Em outubro de 1944, após a ocupação alemã da Hungria em março de 1944 e a deposição de Horthy em outubro, Ferenc Szálasi foi eleito primeiro-ministro e chefe de estado. Seu regime impôs a lei marcial, participou dos esforços de guerra da Alemanha e recomeçou o Holocausto na Hungria, que havia sido interrompido por Horthy. As primeiras execuções ocorreram em novembro pelas margens do Danúbio, que seria chamado de "o Cemitério Judaico". Quando o Exército Vermelho libertou Budapeste em fevereiro de 1945, cerca de 100.000 judeus da capital haviam sido assassinados em pogroms diários nos últimos meses.[4]

 
A Grande Sinagoga de Budapeste na Rua Dohány, a maior e mais monumental sinagoga da Europa.
 
Sapatos no Passeio do Danúbio - Memorial do Holocausto por Can Togay. [1]

Apenas cerca de metade da população judaica de Budapeste emergiu viva no final da guerra. Outros 20.000 judeus voltaram dos campos de concentração. Muitos deixaram o país nos anos imediatos após a guerra e mais uma vez em 1956, mas Budapeste reinou como a maior comunidade judaica do bloco comunista fora da URSS. Desde 1989, houve um renascimento da atividade educacional, com cinco escolas elementares atualmente funcionando, bem como vários jardins de infância. Os estudos judaicos são ensinados em três universidades: ELTE, Universidade da Europa Central e na Universidade Judaica de Estudos Rabínicos em Budapeste (em húngaro: Országos Rabbiképző Intézet). O Museu Judaico e os arquivos judaicos estão alojados na Grande Sinagoga da Rua Dohány, e a Casa Comunitária Bálint apresenta palestras e outros eventos e é um foco da vida cultural judaica. O Centro Memorial do Holocausto na Sinagoga da Rua Páva foi aberto ao público em 2004, marcando o sexagésimo aniversário da tragédia. Um ano depois, o primeiro-ministro húngaro Ferenc Gyurcsany inaugurou um memorial àqueles que foram mortos no Danúbio. Sessenta pares de sapatos fundidos em ferro e colocados nas margens do rio.[3]

Com uma população estimada de 80.000 a 120.000, Budapeste ainda é o lar da maior comunidade Asquenaze da Europa continental.

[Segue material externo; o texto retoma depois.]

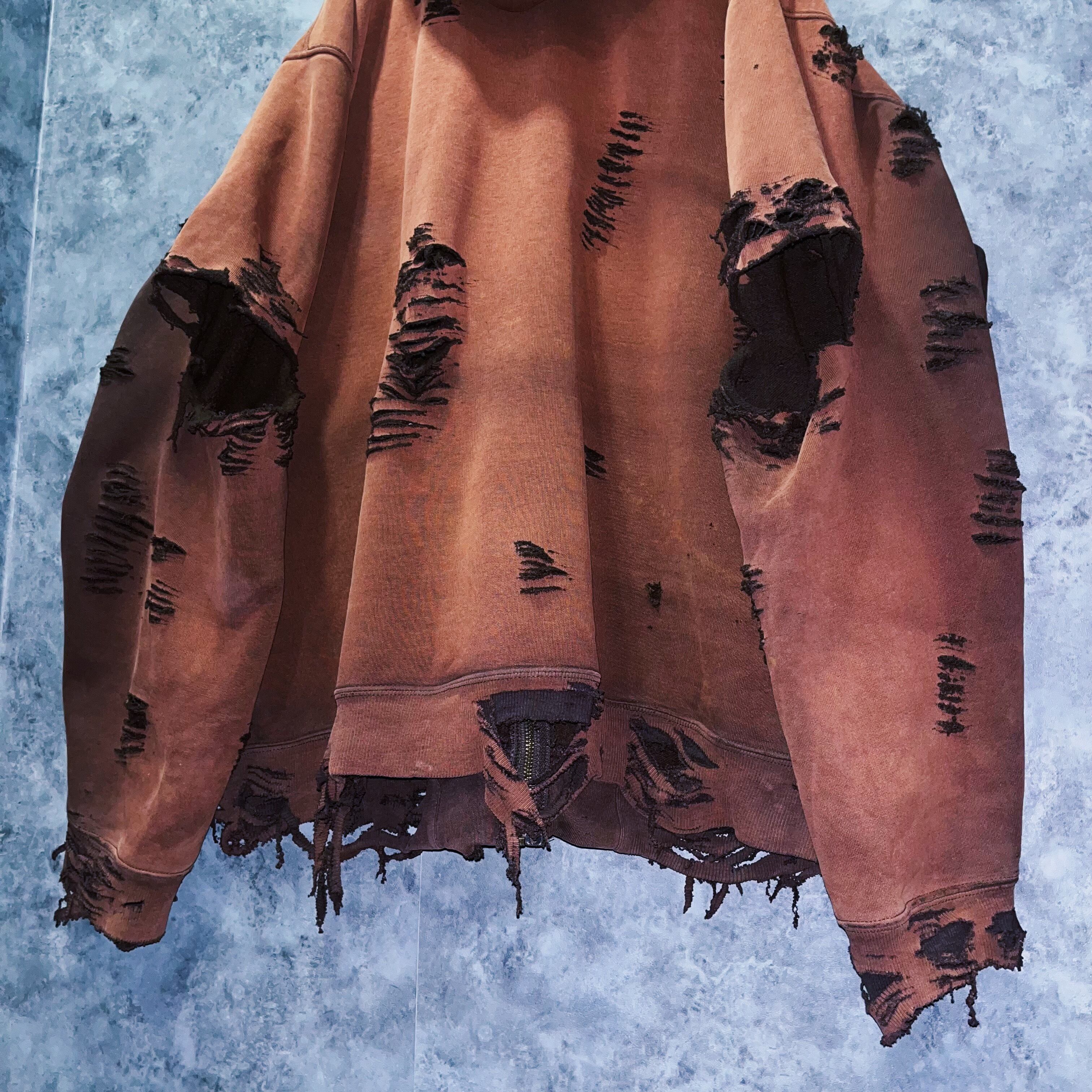 退廃的な雰囲気をもつフェードデザインのフーディを当店自慢のダメージ加工でエッジを加えたデザインの一枚。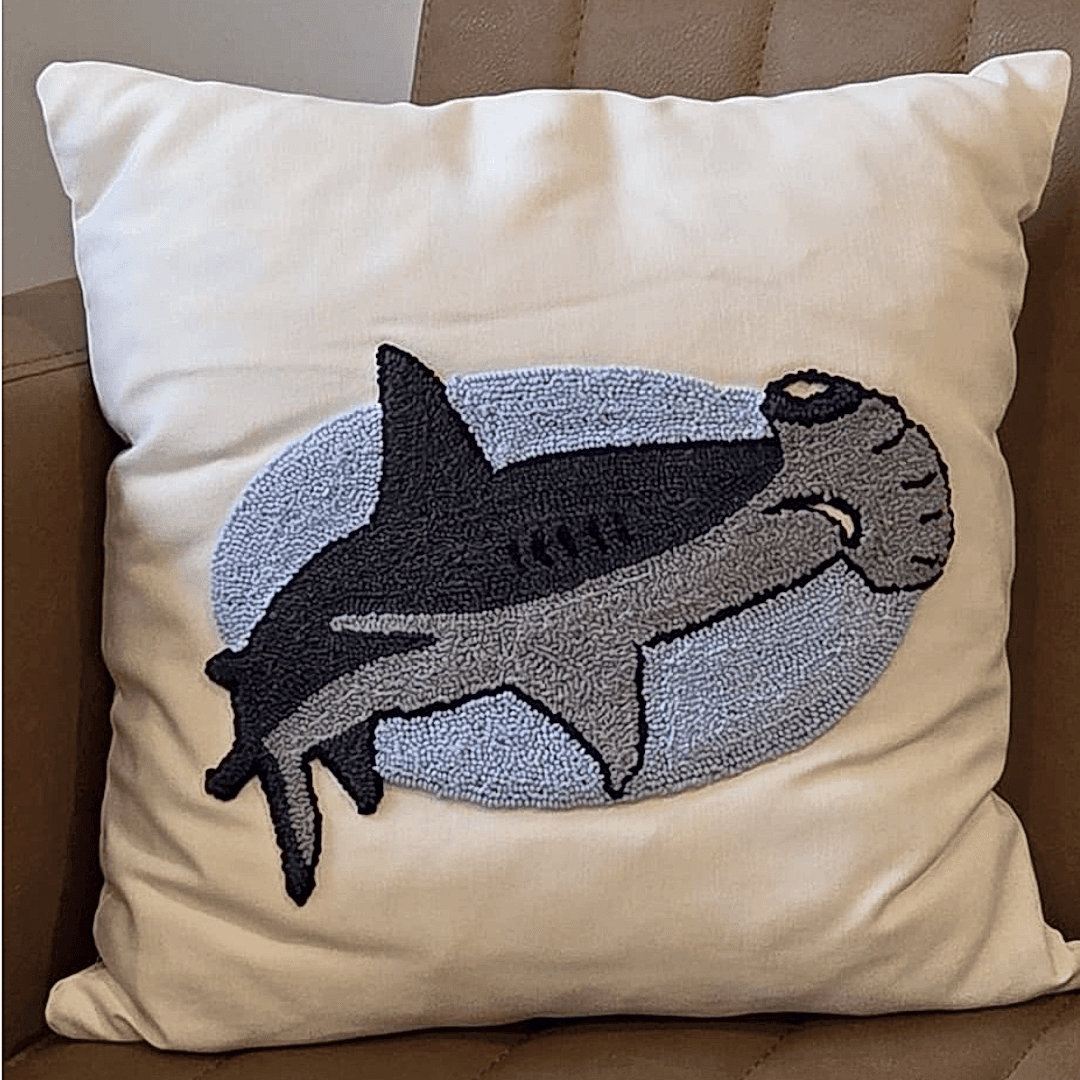 Özel elle işlenmiş Çekiç baş köpekbalığı desenli minder.

A grande maioria das pessoas não é religiosa e os judeus ortodoxos desapareceram quase totalmente da Hungria como resultado do Holocausto e da emigração pós-guerra para Israel e os Estados Unidos. Existem 16 sinagogas funcionais em Budapeste - 31 na grande Hungria - com um tamanho total da congregação de apenas alguns milhares de membros, a maioria deles do secto neologue. Um total de cinco escolas de ensino fundamental, médio e médio fornecem educação judaica ao lado do currículo húngaro em Budapeste.[4]

Demografia editar

Por volta de 1820, quando a sinagoga neoclássica de Óbuda foi inaugurada, a comunidade atingiu o auge de sua influência com 3.500 residentes judeus, cerca da metade da população da cidade, tornando-se a maior comunidade judaica da Hungria. Até então, a maioria dos judeus eram vendedores ambulantes, diurnos e artesãos, mas também havia trabalhadores judeus nas importantes indústrias que importavam têxteis e exportavam produtos agrícolas para o oeste.[3]

Em 1838, o número de judeus na comunidade começou a diminuir em nítido contraste com a crescente população de Peste, e suas instituições caíram em declínio. A comunidade judaica cresceria em 1850 para cerca de 15.000 pessoas, enquanto Peste estava emergindo como o coração comercial, político e cultural indiscutível do país.[3]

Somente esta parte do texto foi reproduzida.